# EXERCISE GOAL
Write down the lines exactly as they appear, from the one that contains "Волонтеры и полиция" through the final line of the records, so that both ends are kept and no pictures come along.

--------------------------------------------------

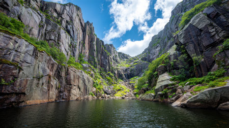 Experience the breathtaking beauty of nature with rocky cliffs rising majestically over a calm body of water, surrounded by lush greenery and a vibrant sky.
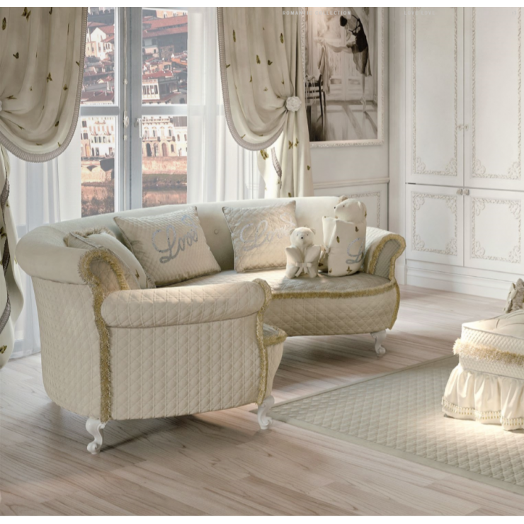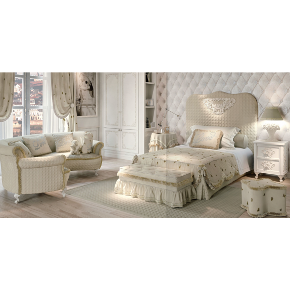Letto Charlotte 1171 con struttura in legno rivestita con gonne e 2 faldoni , testata con decoro floreale Finitura Col 33 , rete 120x195 , L.156 P. 215 H.196.
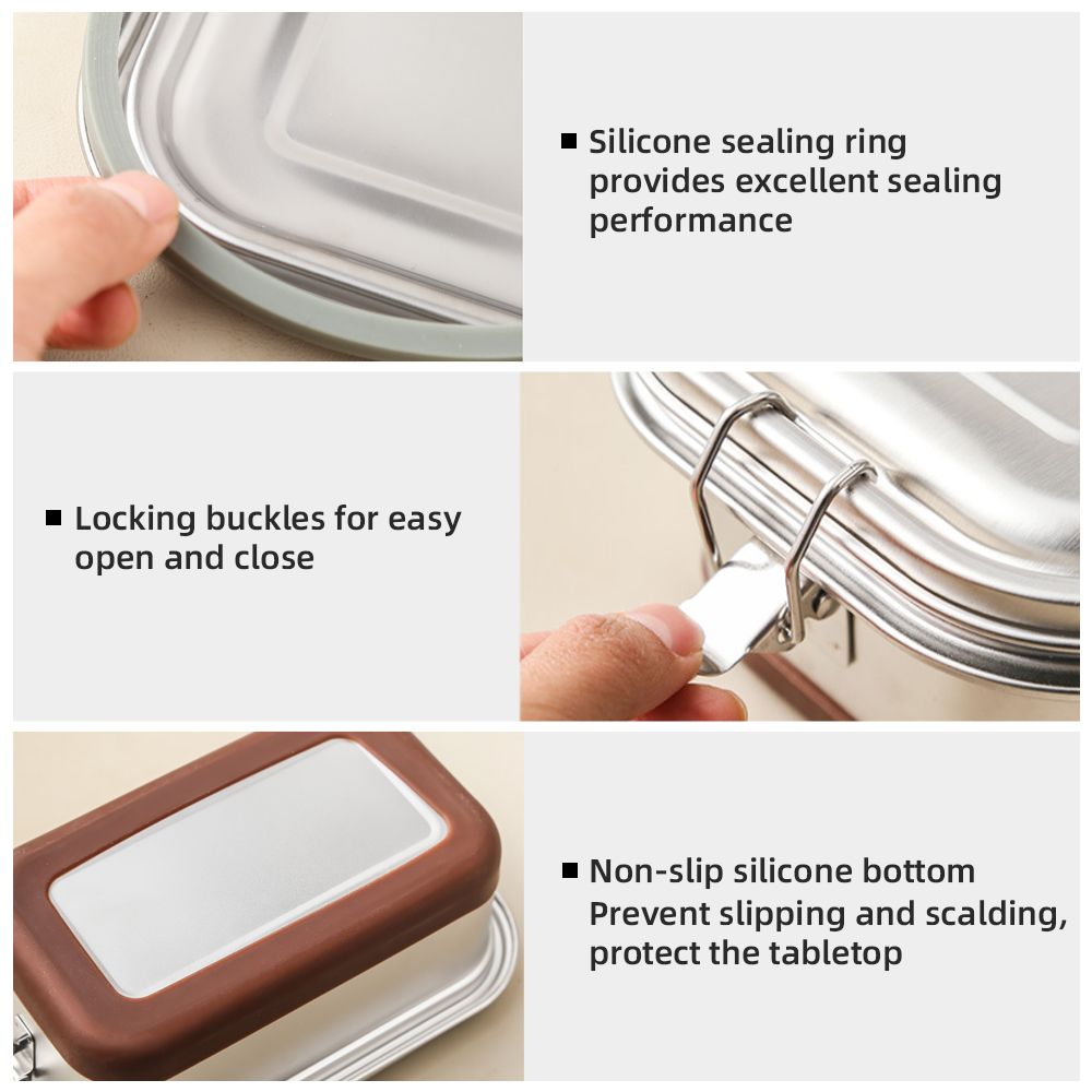 LEAK-PROOF AND ANTI-SLIP DESIGN: The inner edge of the lid is sealed with detachable silicone ring, together with the double locking buckles on both sides bring excellent sealing performance and prevent leakage. Silicone at the bottom perfectly prevents slipping and scalding and detachable design makes it easy to clean.
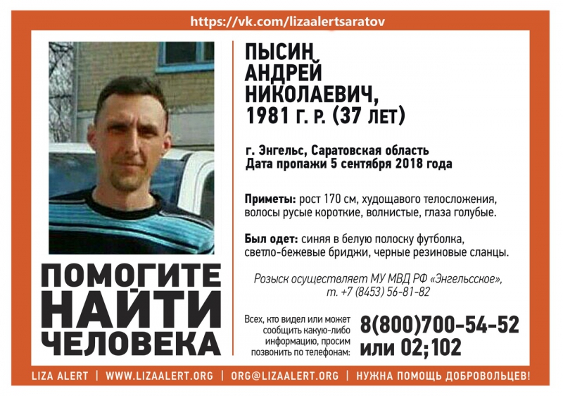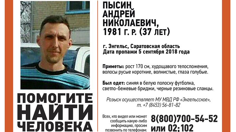 Волонтеры и полиция ищут пропавшего в Энгельсе Андрея Пысина
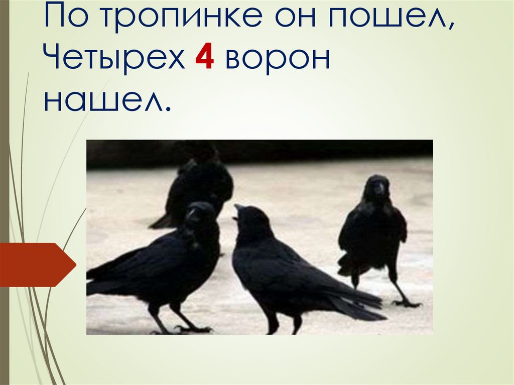 По тропинке он пошел,Четырех 4 ворон
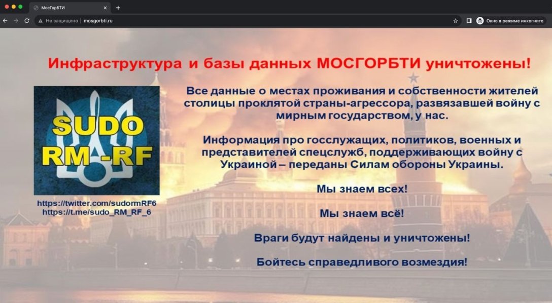 Информация об общественных деятелях, политиках, военных и представителях спецслужб РФ передана Силам обороны Украины. Сайт МосгорБТИ после атаки перестал работать, а в самой структуре никак не прокомментировали инцидент.
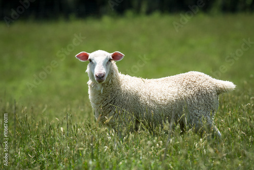 Fototapeta premium lamb in lush green grassy field
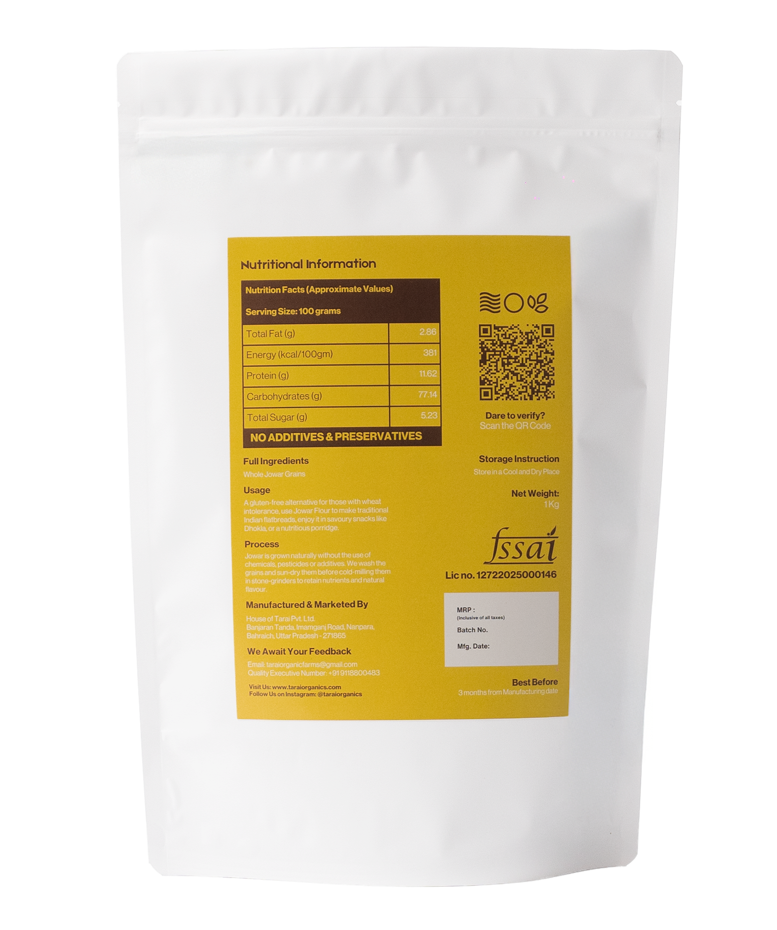 Jowar flour, also known as Sorghum Flour, is a gluten-free and nutrient-rich flour made from whole sorghum grains. It is a popular choice in Indian and global cuisines for its versatility and health benefits.

--------------------------------------------------

# RESPONSE
 Волонтеры и полиция ищут пропавшего в Энгельсе Андрея Пысина
 По тропинке он пошел,Четырех 4 ворон
 Информация об общественных деятелях, политиках, военных и представителях спецслужб РФ передана Силам обороны Украины. Сайт МосгорБТИ после атаки перестал работать, а в самой структуре никак не прокомментировали инцидент.
 Fototapeta premium lamb in lush green grassy field
 Jowar flour, also known as Sorghum Flour, is a gluten-free and nutrient-rich flour made from whole sorghum grains. It is a popular choice in Indian and global cuisines for its versatility and health benefits.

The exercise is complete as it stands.